L’intera costruzione si è piegata a quello scopo. Statuto, regole, filiere, correnti e carriere, ogni passo da lì in poi ha teso a esasperare un profilo schiacciato sulle istituzioni, con la sola vocazione al governo, ma in una scissione dalle ragioni più prossime al mondo esterno.
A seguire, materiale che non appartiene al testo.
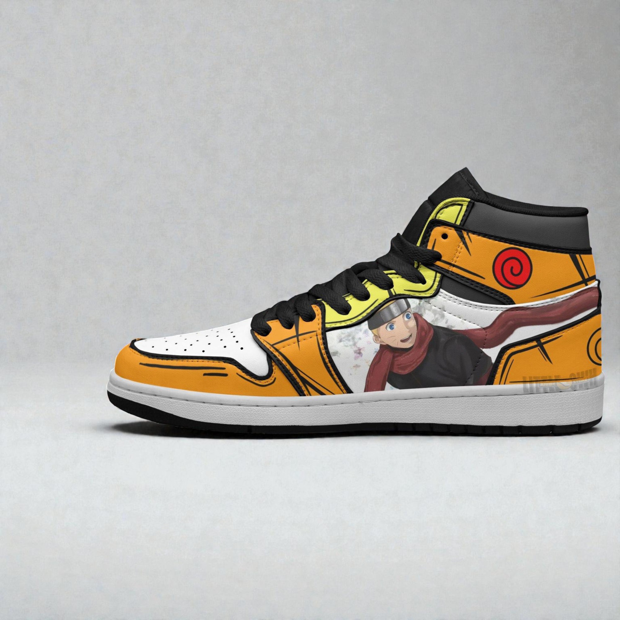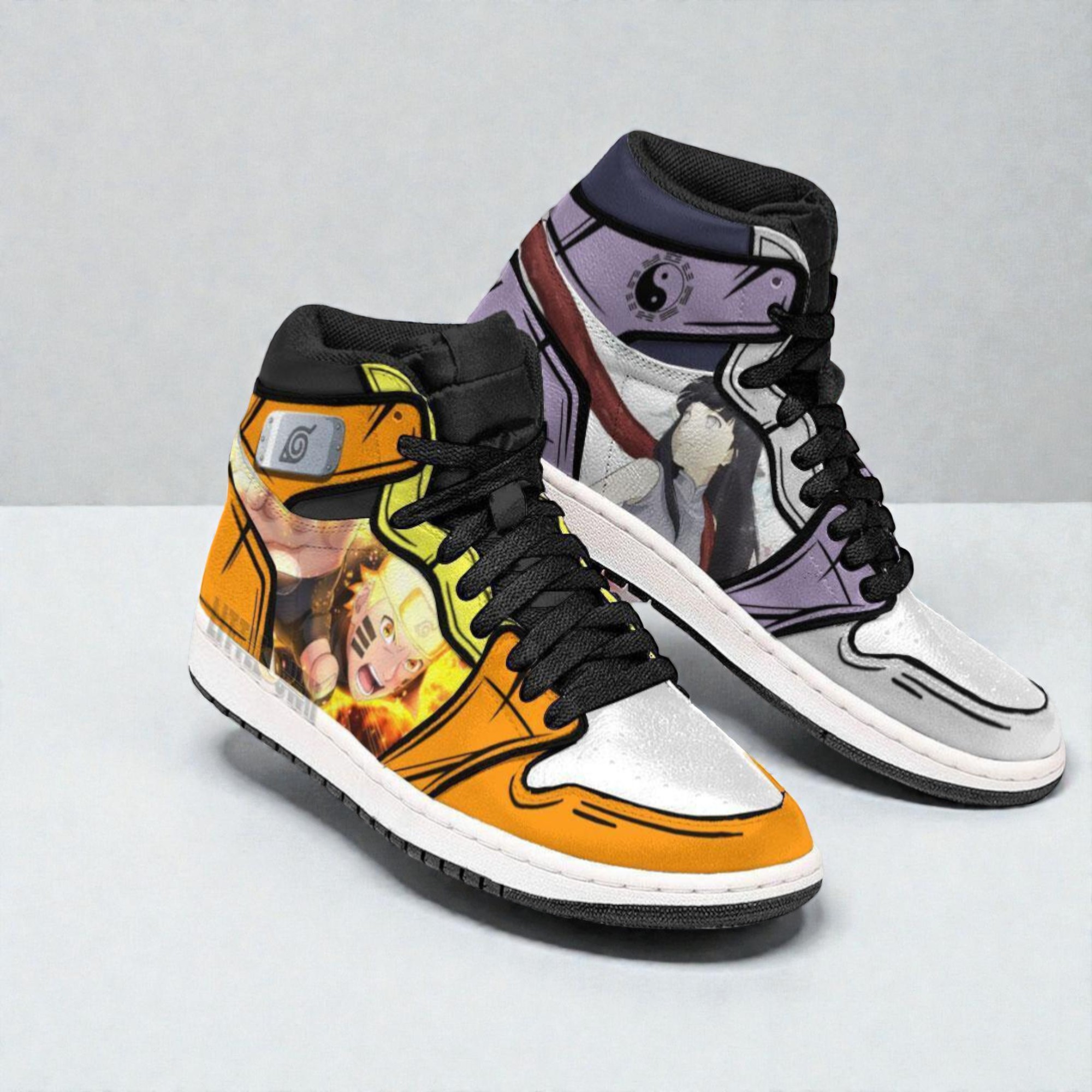 There’s something about lacing up a pair of shoes that tell a story beyond just fashion. These Naruto sneaker boots catch your eye instantly—the way the bold orange, white, and black collide with flashes of yellow is hard to ignore. The high-top silhouette carries a strong presence, like the kind of confidence you find in your favorite anime moments. Look closer, and the details start to speak volumes: subtle Naruto symbols woven into the design, a striking graphic of Naruto and Hinata that pulls you right into their world. It’s not just about the colors or patterns, but the energy they bring, the way they channel that adventurous spirit fans know so well. For anyone who lives and breathes Naruto, these boots are a perfect extension of that fandom. Sneaker collectors who appreciate vibrant, character-driven styles will find these a conversation starter, while anime enthusiasts might see them as a wearable tribute to one of the most beloved crossovers in the series. They don’t just stand on a shelf—they carry you through daily adventures, casual outings, or convention floors, blending style with a nod to passion. Whether you're looking for something to gift a fan or just want to rock something that zings with personality, this pair is more than footwear; it’s a statement. A dynamic blend of art and energy made for those who want their steps to mean something.Naruto x Hinata Jordan Sneaker Boots Custom Naruto Anime Shoes
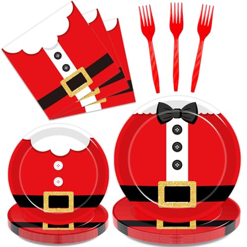 CHRISTMAS PARTY: For each Christmas Santa clause suit print party supplies set, you will receive 24 dinner plates (9’’), 24 dessert plates (7’’), 24 napkins (13’’), and 24 forks(6.5’’). The Santa Claus party supplies set are perfect gifts and the perfect complement to your merry Christmas party decorations

Del resto quale altra pozione o intruglio avrebbe spinto persone di senno a raccontare le primarie come discrimine della nuova identità? Le primarie capisci? Non l’idea di giustizia o la frontiera di emancipazione, o il soddisfare bisogni vitali in ambiti sempre più espulsi dalla relazione tra inclusi e non. Le primarie! Conferendo alla deliberazione dal basso – tout le monde al modico prezzo di due euro – il diritto a scegliersi il «sovrano». Ma quella logica, in nulla agganciata a una visione del nuovo da costruire, rispondeva allo scopo: centralizzare il consenso sulla persona scambiando un’adesione cosciente col metadone dei gazebo. Un pasticcio destinato a peggiorare col tempo. Penso di doverlo dire anche per diretta complicità avendo preso parte a una di quelle contese.
Il punto è stato confinare la cittadinanza politica a una dimensione giocata, da lì in avanti, su piani diversi: l’uso dei media, l’abilità a cumulare risorse fuori dai canali pubblici, il comporre alleanze estranee all’universo sociale di ieri. Se vogliamo riflettere con onestà, questa logica, in parte esasperata nella stagione ultima, viene da prima. Origina dall’equivoco dell’inizio, la gerarchia invertita tra punta e base della piramide.
Non capiamo neppure la performance del 4 marzo se non le restituiamo questo respiro. Perché fenomeni del genere non si improvvisano, nel bene o nel male. In questo la scarsa analisi della sconfitta, l’ennesima rimozione, lascia interdetti perché presuppone l’idea di aver fatto buona parte del lavoro come si doveva. Seguendo questo filo però si lasciano fuori dalla porta le chiavi di accesso alla perdita di milioni di voti. Non lo scrivo per rovesciare su altri le responsabilità. Se posso una parentesi, sento di essere partecipe, e al fondo tra gli artefici di tanto abbaglio fosse solo per averlo taciuto anche prima dell’ultima fase. Quindi la durezza è necessaria perché il tempo è scaduto. Da molto. E ora sull’onda degli eventi, e della sconfitta, merita compiere quel reset troppe volte evocato e rimasto a mezz’aria. E allora via, una volta scelto di remare controcorrente, facciamolo come si può e si deve.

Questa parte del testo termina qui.